Relatedly, EF impairments appear to be a transdiagnostic phenomenon in psychopathology, though the breadth and extent of these impairments vary between disorders [35]. These impairments may reflect underlying vulnerabilities for psychopathology, and may be reinforced as the various symptoms utilise critical EF resources [36,37,38]. Attentional control theory suggests that impairments in one EF reduce the cognitive resources available for other EFs.
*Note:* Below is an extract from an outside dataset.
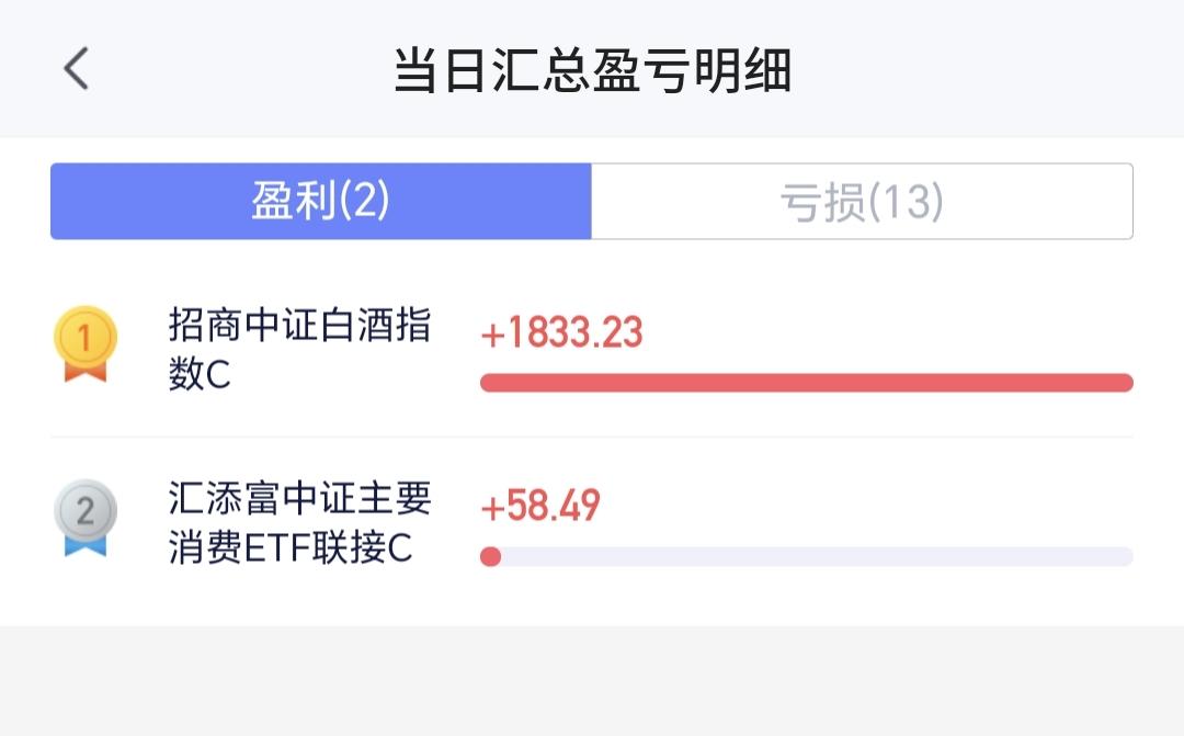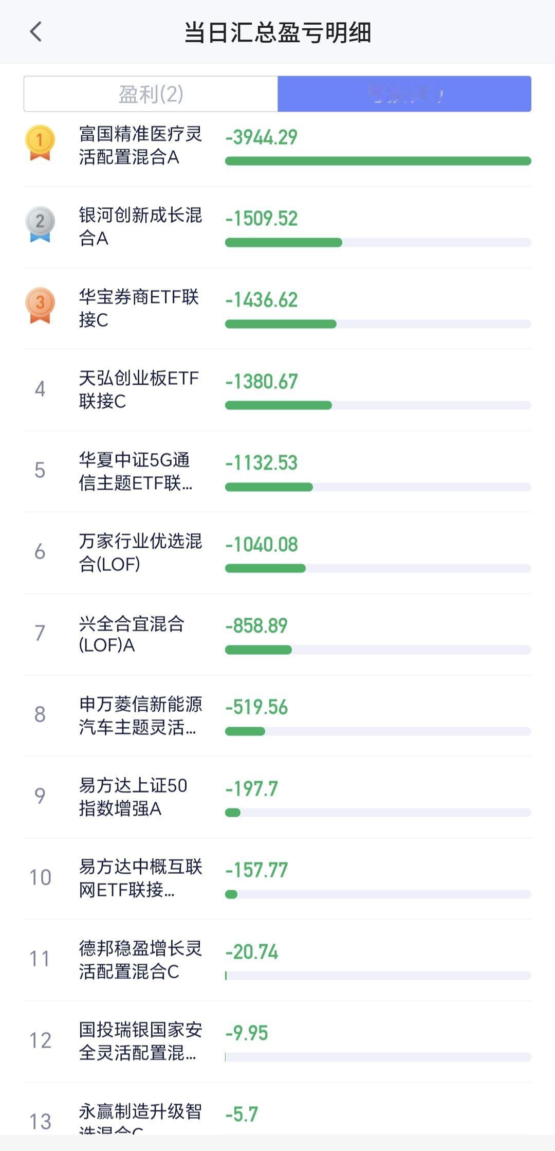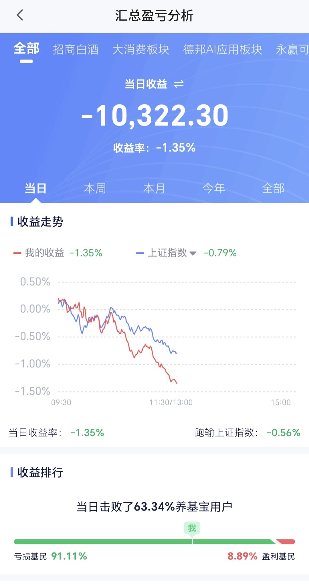 持有基金现在盘中估值亏损了10322元,盈利的只有白酒板块和大消费板块,亏损金额最大的三个板块是:创新药板块,芯片半导体板块,证券板块。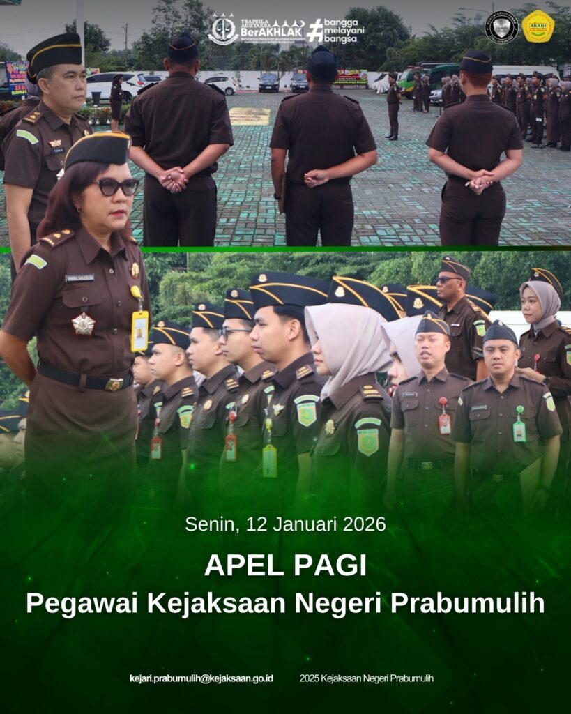 Bertempat di halaman kantor Kejaksaan Negeri Prabumulih Kepala Seksi Bidang Perdata dan Tata Usaha Negara Ibu Erwina Mea Dimatnusa, S.H., M.H. memimpin Apel Rutin Senin Pagi yang diikuti oleh Para Kasi, Kasubagbin, dan seluruh Pegawai Kejaksaan Negeri Prabumulih.

This reduction of available resource impacts processing efficiency, and, where the cognitive demand is high, impairs performance [34, 36, 37, 39]. In turn, impaired performance appears to maintain or exacerbate the impairment underpinning psychopathology [40]. Thus, is possible that within an ND cohort, underlying variations in inhibitory control redirect essential EF resources, increasing susceptibility for the development of EDs.

Importantly, there are strong similarities between the range of EF impairments that underpin both ADHD and autism and EDs [30, 41,42,43]. Research exploring these shared EF impairments has focused on aspects of EF in the relationship between particular NDs and EDs, such as cognitive flexibility within AN and autism [44,45,46]. Due to its perceived association with impulsivity, inhibitory control has been identified as a common vulnerability between ADHD and BED, BN, and AN-BP [47,48,49]. Although inhibitory control is a common vulnerability between ADHD and these EDs, and an identified impairment within both autism [50, 51] and EDs [43, 52, 53], it has not been explored as an overlapping factor between them. These shared inhibitory control difficulties in NDs and EDs will, therefore, be the focus of the present thesis.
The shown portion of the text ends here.